== DIRECTIONS FOR THIS TASK ==
Could the records be returned exactly, with the pictures left out?

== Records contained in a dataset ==

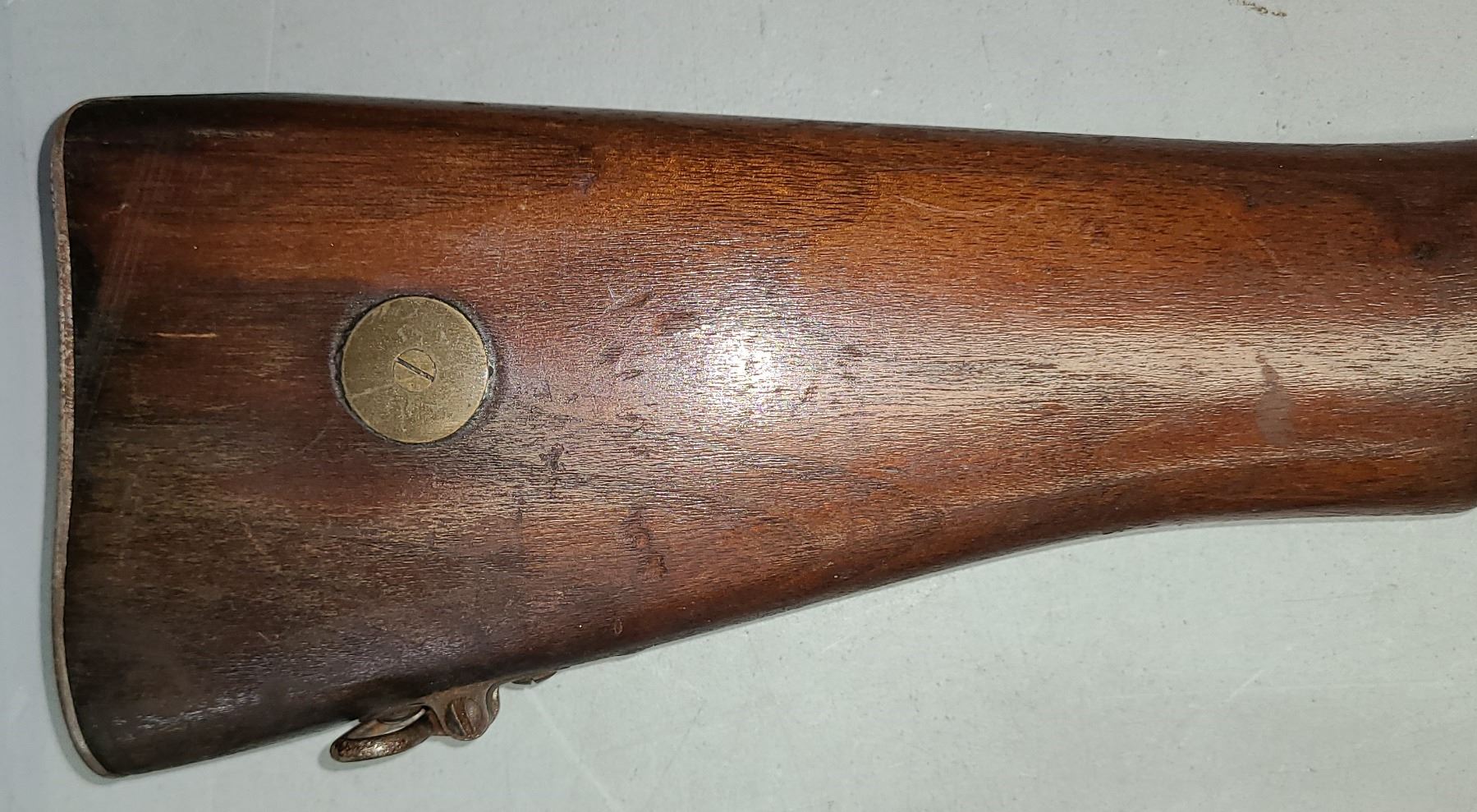 Metal surfaces are a smoky blue/gray patina. The original full wood stock has been
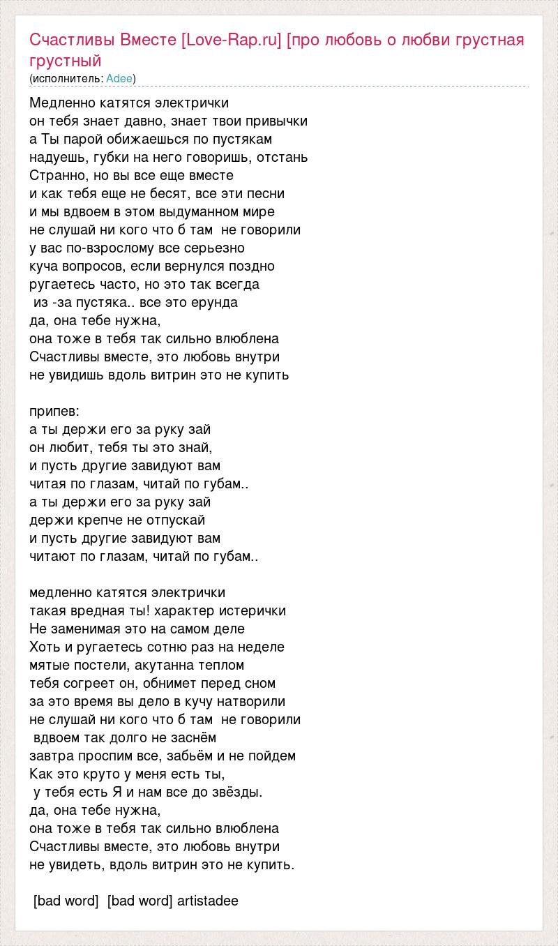 Медленно катятся электрички он тебя знает давно, знает твои привычки а Ты парой обижаешься по пустякам надуешь, губки на него говоришь, отстань Странно, но вы все еще вместе и как тебя еще не бесят, все эти песни и мы вдвоем в этом выдуманном мире не слушай ни кого что б там не говорили у вас по-взрослому все серьезно куча вопросов, если вернулся поздно ругаетесь часто, но это так всегда из -за пустяка.. все это ерунда да, она тебе нужна, она тоже в тебя так сильно влюблена Счастливы вместе, это любовь внутри не увидишь вдоль витрин это не купить припев: а ты держи его за руку зай он любит, тебя ты это знай, и пусть другие завидуют вам читая по глазам, читай по губам.. а ты держи его за руку зай держи крепче не отпускай и пусть другие завидуют вам читают по глазам, читай по губам.. медленно катятся электрички такая вредная ты! характер истерички Не заменимая это на самом деле Хоть и ругаетесь сотню раз на неделе мятые постели, акутанна теплом тебя согреет он, обнимет перед сном за это время вы дело в кучу натворили не слушай ни кого что б там не говорили вдвоем так долго не заснём завтра проспим все, забьём и не пойдем Как это круто у меня есть ты, у тебя есть Я и нам все до звёзды. да, она тебе нужна, она тоже в тебя так сильно влюблена Счастливы вместе, это любовь внутри не увидеть, вдоль витрин это не купить. [bad word] [bad word] artistadee
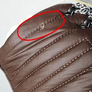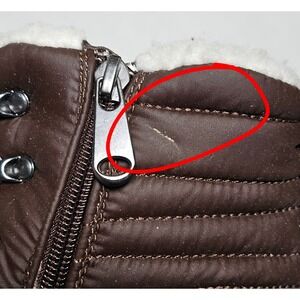 The boots have some minor scratches by the top that have removed the brown color. They are not ripped just slightly scratched. See photos with red circles for clarification.
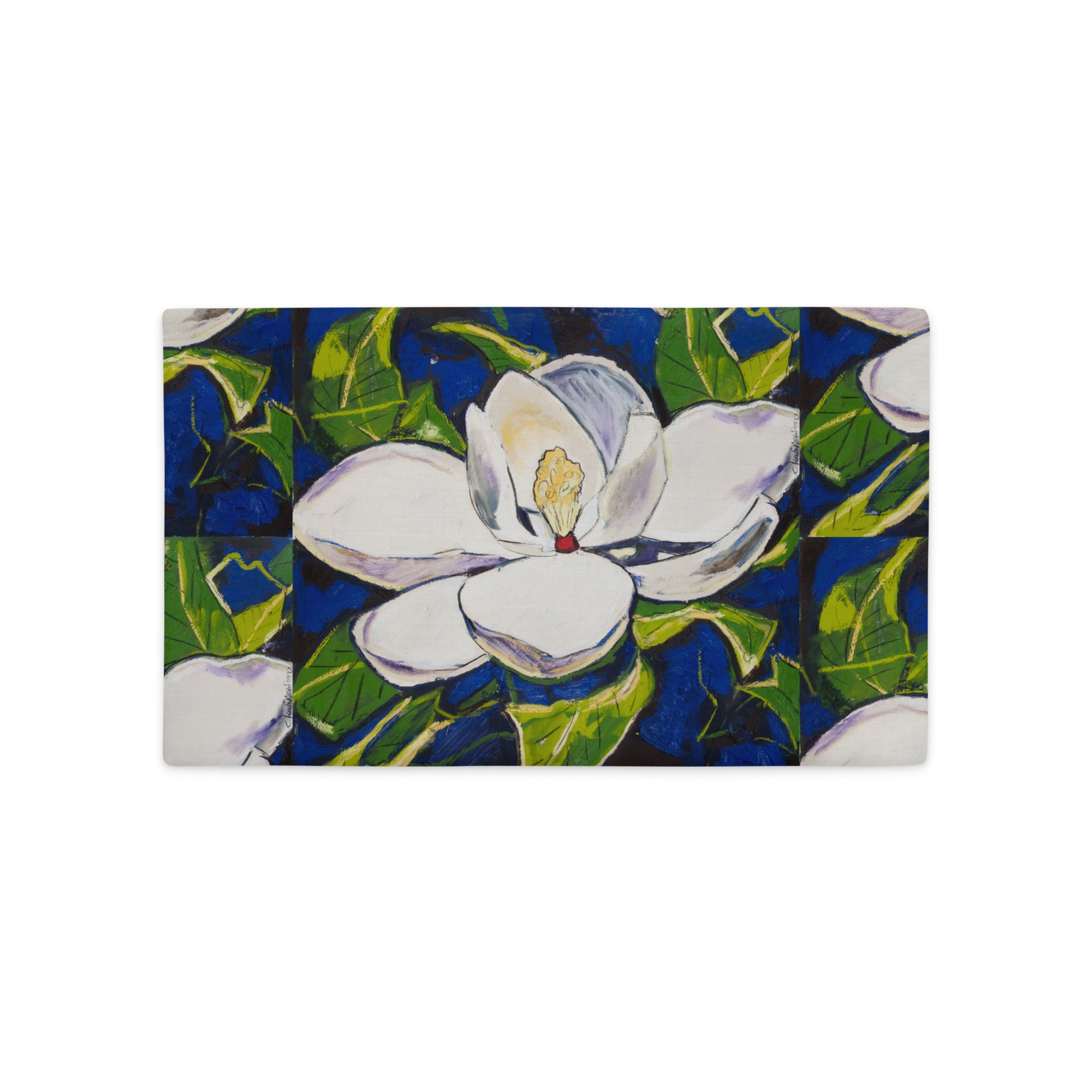 Magnolia with Royal Blue Premium Pillow Case
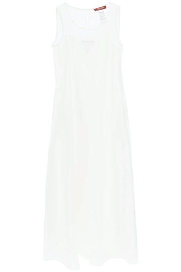 Abito lungo Max Mara Studio realizzato in ramiè con un taglio ampio e svasato. Modello smanicato con scollo tondo e punto vita arricciato sul retro. Sottoveste separata in viscosa tono su tono con spalline regolabili. La modella è alta 177 cm e indossa la taglia IT 38.
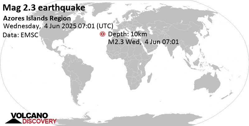 According to CIVISA, the tremors were recorded at 2:45 p.m. local time (one hour later in Lisbon), 3:06 p.m., 3:09 p.m., 3:41 p.m., and 5:39 p.m. The first earthquake had a magnitude of 3.1, followed by 2.9, 2.7, 3.3, and 2.9.
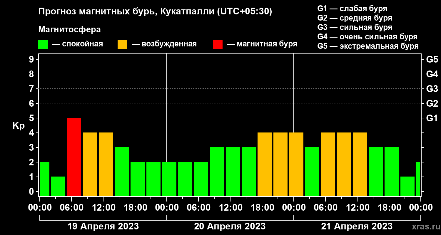 Прогноз магнитных бурь Кукатпалли — 19 апреля 2023 года
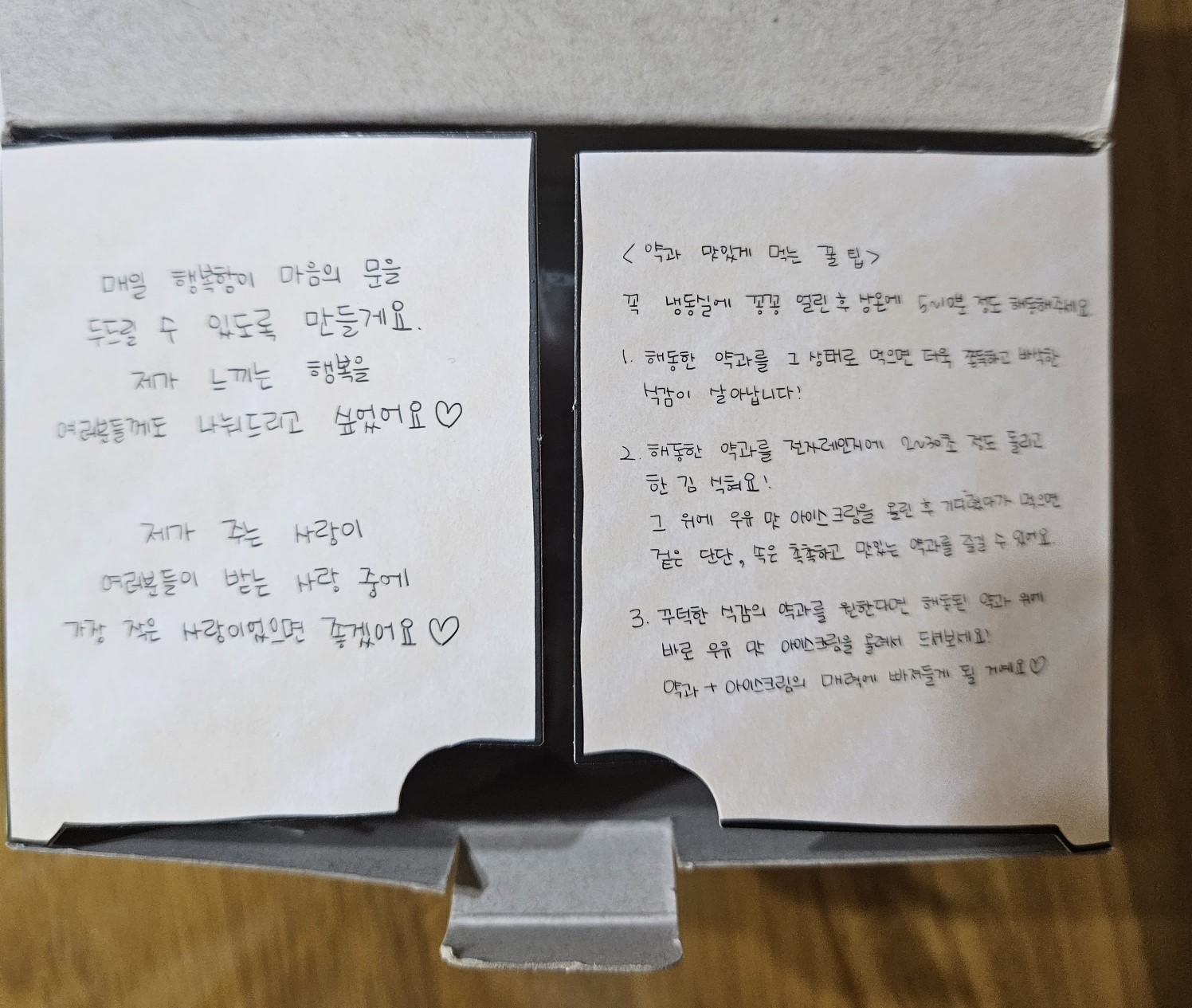 상자를 열면 손글씨로 봄날엔 약과를 맛있게 먹을 수 있는 방법이 쓰여있습니다. 이를 요약해 적었습니다.
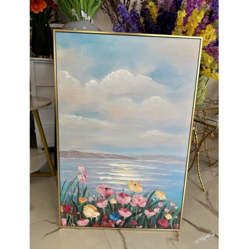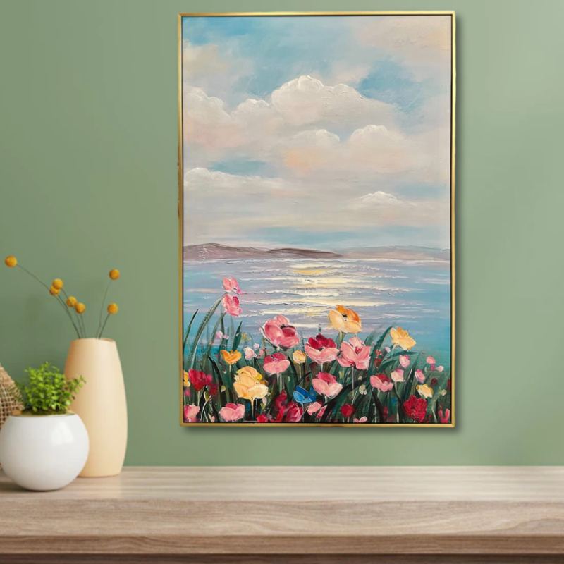 Картина «Цветы у моря» воссоздает спокойствие и красоту природного пейзажа благодаря мягкой и сбалансированной цветовой композиции. Синие тона создают ощущение простора и свежести, желтые акценты добавляют света и тепла, а розовые оттенки придают мягкость и романтическое сияние.

== SOLUTION BELOW ==
 Metal surfaces are a smoky blue/gray patina. The original full wood stock has been
 Медленно катятся электрички он тебя знает давно, знает твои привычки а Ты парой обижаешься по пустякам надуешь, губки на него говоришь, отстань Странно, но вы все еще вместе и как тебя еще не бесят, все эти песни и мы вдвоем в этом выдуманном мире не слушай ни кого что б там не говорили у вас по-взрослому все серьезно куча вопросов, если вернулся поздно ругаетесь часто, но это так всегда из -за пустяка.. все это ерунда да, она тебе нужна, она тоже в тебя так сильно влюблена Счастливы вместе, это любовь внутри не увидишь вдоль витрин это не купить припев: а ты держи его за руку зай он любит, тебя ты это знай, и пусть другие завидуют вам читая по глазам, читай по губам.. а ты держи его за руку зай держи крепче не отпускай и пусть другие завидуют вам читают по глазам, читай по губам.. медленно катятся электрички такая вредная ты! характер истерички Не заменимая это на самом деле Хоть и ругаетесь сотню раз на неделе мятые постели, акутанна теплом тебя согреет он, обнимет перед сном за это время вы дело в кучу натворили не слушай ни кого что б там не говорили вдвоем так долго не заснём завтра проспим все, забьём и не пойдем Как это круто у меня есть ты, у тебя есть Я и нам все до звёзды. да, она тебе нужна, она тоже в тебя так сильно влюблена Счастливы вместе, это любовь внутри не увидеть, вдоль витрин это не купить. [bad word] [bad word] artistadee
 The boots have some minor scratches by the top that have removed the brown color. They are not ripped just slightly scratched. See photos with red circles for clarification.
 Magnolia with Royal Blue Premium Pillow Case
 Abito lungo Max Mara Studio realizzato in ramiè con un taglio ampio e svasato. Modello smanicato con scollo tondo e punto vita arricciato sul retro. Sottoveste separata in viscosa tono su tono con spalline regolabili. La modella è alta 177 cm e indossa la taglia IT 38.
 According to CIVISA, the tremors were recorded at 2:45 p.m. local time (one hour later in Lisbon), 3:06 p.m., 3:09 p.m., 3:41 p.m., and 5:39 p.m. The first earthquake had a magnitude of 3.1, followed by 2.9, 2.7, 3.3, and 2.9.
 Прогноз магнитных бурь Кукатпалли — 19 апреля 2023 года
 상자를 열면 손글씨로 봄날엔 약과를 맛있게 먹을 수 있는 방법이 쓰여있습니다. 이를 요약해 적었습니다.
 Картина «Цветы у моря» воссоздает спокойствие и красоту природного пейзажа благодаря мягкой и сбалансированной цветовой композиции. Синие тона создают ощущение простора и свежести, желтые акценты добавляют света и тепла, а розовые оттенки придают мягкость и романтическое сияние.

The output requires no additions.